August Smith, Week 10, Community Cultural Wealth

Y’all might need to take my cool-cat-education-researcher card for today’s take. But I have never been a big fan of the theory of community cultural wealth. I know all the CRT education people love it, but there is something about it that doesn’t sit right with me. Let me explain…

Capital only happens when someone starts to accumulate more resources than they actually need. The only way to get capital is through exploitation of others and exploitation of the planet. In my mind, capital is always going to be a bad thing. Capital is what you can extract from workers and the planet and hoard for yourself, to no end other than looking at your money or making more money. So this is how I read Bourdieu’s theory of cultural capital. As I understand Bourdieu, the theory of cultural capital was meant to be a critique/analysis of capitalism. Cultural capital is a unique feature of the bourgeoisie, it is not a good thing that we should be striving to give to everyone or mimic or replicate. It is something to be abolished, if possible. Class signaling through cultural capital is a means by which oppression operates.

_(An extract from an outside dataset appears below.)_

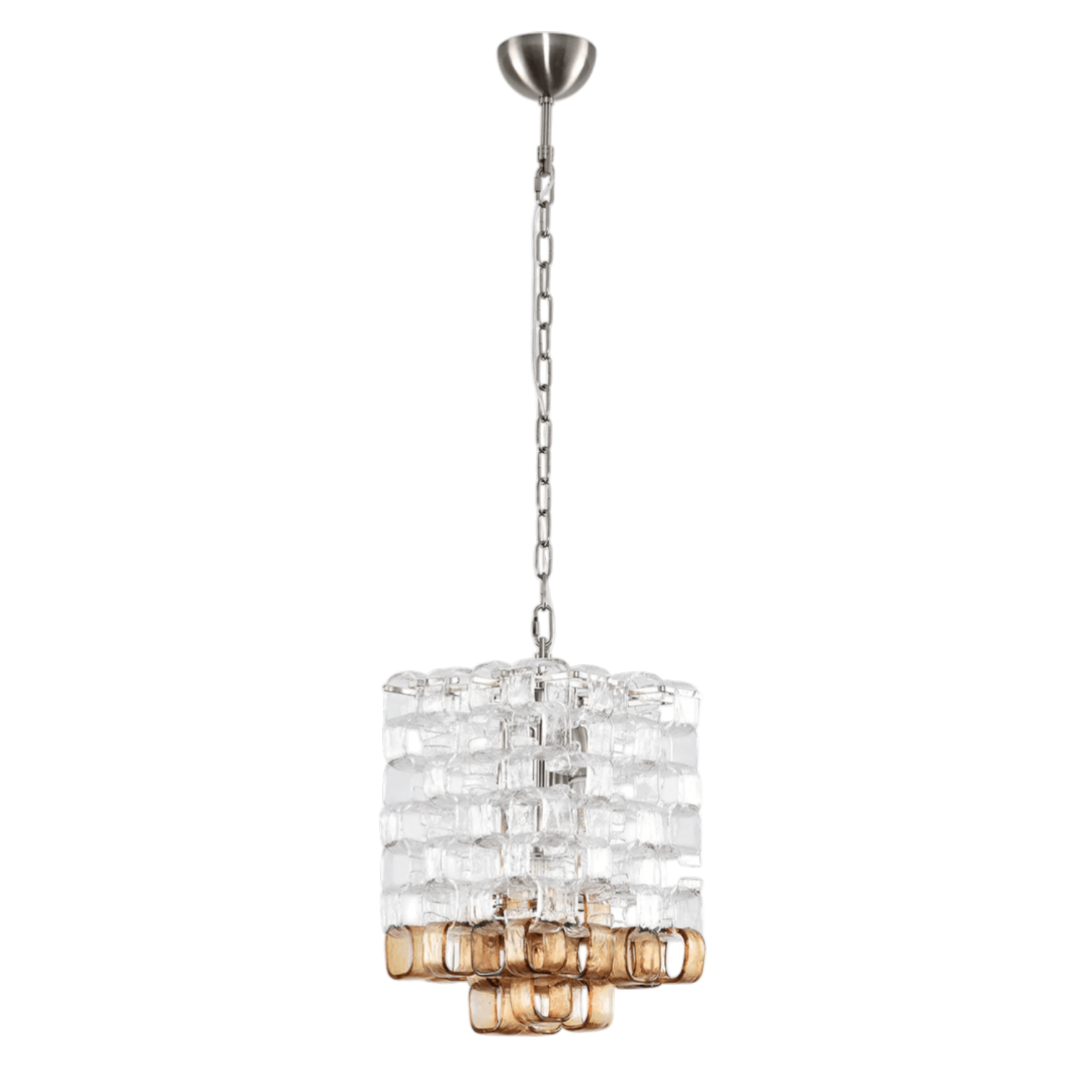 The Dominica Murano Poliarte Interlocking Chandelier by SMITH&SMITH features suspended Murano glass cups that illuminate and bring elegance to any space. It creates a stunning display of light and can be arranged individually for your preference.

Yosso briefly mentions the mis-readings of cultural capital theory. Basically, some liberals came along and mis-read what he was saying and interpreted it as saying that poor kids are deficient. Which, of course, meant that we have to fix the poor non-white children by giving them the cultural capital they need to succeed. But these efforts to provide students with cultural capital were misguided because they were rooted in a mis-understanding of what cultural capital is. So Yosso presents a new framework that highlights the strengths of students of color, but it does so by mimicking cultural capital. If you remember in my last paragraph, I claimed that cultural capital is not a good thing. So why would someone expand it to SIX KINDS OF CAPITAL and apply it to students of color, thus expanding it’s reach!? To me, the community cultural wealth theory/framework just allows (racial) capitalism to get off scott-free and further entrenches students of color in it’s bullshit. It seems to just want students of color to do better under capitalism, not to get rid this system that is partially causing their problems in the first place.

In my eyes, community cultural wealth is not a counternarrative to cultural capital, it is just including students of color in that same narrative.

Feel free to call me out if you feel like I am missing something or mis-representing something. I am open to learning to love community cultural wealth theory. But it has not captured me yet.